Monday, August 29, 2011
Roasting Illustrated
French Heirloom Chicken ready to go.
Perusing the latest issue of Cook's Illustrated, I came across their quick roast technique for roasted chicken and decided to give it a try. The key is to heat a skillet first, placing the chicken on the skillet and the dark meat to cook with conduction while the rest of the bird is heated with convection.

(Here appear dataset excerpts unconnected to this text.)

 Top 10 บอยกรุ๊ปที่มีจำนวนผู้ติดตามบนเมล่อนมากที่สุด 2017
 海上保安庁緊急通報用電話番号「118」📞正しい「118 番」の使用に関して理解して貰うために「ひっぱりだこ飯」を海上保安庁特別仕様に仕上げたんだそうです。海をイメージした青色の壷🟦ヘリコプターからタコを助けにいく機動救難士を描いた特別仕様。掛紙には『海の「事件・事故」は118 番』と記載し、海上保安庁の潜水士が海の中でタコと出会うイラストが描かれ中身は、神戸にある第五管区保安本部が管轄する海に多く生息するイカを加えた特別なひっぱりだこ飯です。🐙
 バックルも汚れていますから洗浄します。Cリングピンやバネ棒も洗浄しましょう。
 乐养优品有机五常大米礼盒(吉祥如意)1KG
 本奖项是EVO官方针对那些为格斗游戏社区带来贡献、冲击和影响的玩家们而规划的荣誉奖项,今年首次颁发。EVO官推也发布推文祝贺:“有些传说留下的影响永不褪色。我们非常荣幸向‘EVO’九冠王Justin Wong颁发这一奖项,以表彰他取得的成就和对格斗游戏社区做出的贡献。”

Cook's Illustrated gives a different preparation of the meat for those trying to jam a roasted chicken in after work and in time for dinner, but I wanted to go with a more traditional method of seasoning. A little softened butter, rosemary, lemon, sweet onion, salt and pepper. And since I'm not really in a rush, a pop in the refrigerator to dry out the skin a little.
Into the skillet.
After a very successful test a couple of weeks ago at Vanessa's, I grabbed another French heirloom chicken from KCC Natural Farms in Forest Hill, Maryland. I had come across KCC at the Towson Farmer's Market and the thought of a French heritage bird intrigued me. The flavor was so good that I grabbed a couple more.

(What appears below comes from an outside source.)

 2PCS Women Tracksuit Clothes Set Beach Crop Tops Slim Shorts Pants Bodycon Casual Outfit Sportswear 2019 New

If you're used to grocery store, commercial chickens, these will look positively anemic. Afterall, they're only about three pounds. Those grocery store Purdue suckers are upwards of five pounds with massive breast meat that comes from a short life sitting in your own feces.
Fresh from the oven.
With the bird in hand and a solid helping of minced rosemary in butter, separate the skin from the meat with your hand, starting by the tail bone. Rub the butter into the space between the skin and the meat and be very liberal with your butter.
From there, it's a simple squeeze of lemon over the skin then a stuffing of the remaining lemon half and half an onion in the body cavity before trussing legs and wings. You want to truss the legs together and the wings to the body to prevent scorching (with the wing tips) and even cooking. Good results can also be had by leaving the legs dangling but it doesn't make for a nice presentation.
A little bit closer.
After a brief spell in the refrigerator to dry out the skin a little, select a skillet that is just wide enough to hold the bird and high-walled enough to contain the juices that will emanate from the meat. Place the skillet on the center rack of the oven then preheat the oven to 450F.

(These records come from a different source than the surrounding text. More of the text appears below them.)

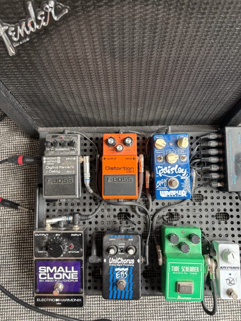 Diverse pedaler og pedalboard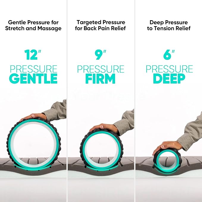 - GROOVE DESIGN TO PROTECT YOUR SPINE — The spine groove avoids pressing your spine or increasing spinal pressure. The bumpy design massages the deep muscles of the back and relieves muscle tension and back pain. Our back stretcher roller wheels are also light to travel with for on-the-go back exercise just about anywhere. In doing so, the muscles are stretched and ultimately targeted, which helps in releasing pressure to your back.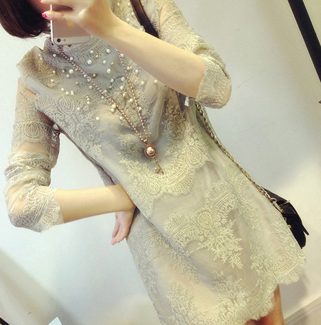 面 料高檔優質蕾絲面料款 式蕾絲連衣裙特 點 春秋外穿冬天打底,可以穿三季的蕾絲連衣裙,高檔優質蕾絲面料,做工精細,高端定制,優雅 名媛氣質 若隱若現 非常修身 小立領氣質名媛風 中長款蕾絲衫下面可以 配緊身打底褲,超親膚哦~小性感 小女人哦!必須自留款! 身高體重三圍尺碼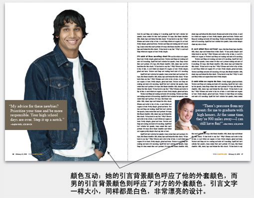 引言可以放在图片上,图片也可以放在引言里。留意这两个引言的同一性,文字区域大小一样,均处于同一水平线,均与外面形成出血位。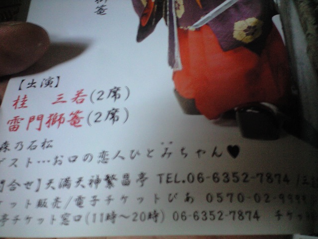 本日 お江戸上野広小路亭のゲスト出演の券(チケット)

Once at temperature, remove skillet and place bird in center. It should sizzle nicely. Place the bird in skillet back into oven and roast for 25-30 minutes (the bigger the bird, the longer the time). Once the time has been reached, DO NOT OPEN THE DOOR and shut the heat off, allowing the residual heat contained in the oven to continue cooking the bird. Do not open the door at all.
Eat with a pan sauce.
After another 30 minutes in the oven, remove bird from skillet and allow to rest for 20 minutes. During this time, you can make a pan sauce by deglazing the pan of fond with some onions, white wine and whatever else you feel like putting into your sauce then mounting it with a little butter.
Finally, it's time to carve and eat. I recommend the use of hands.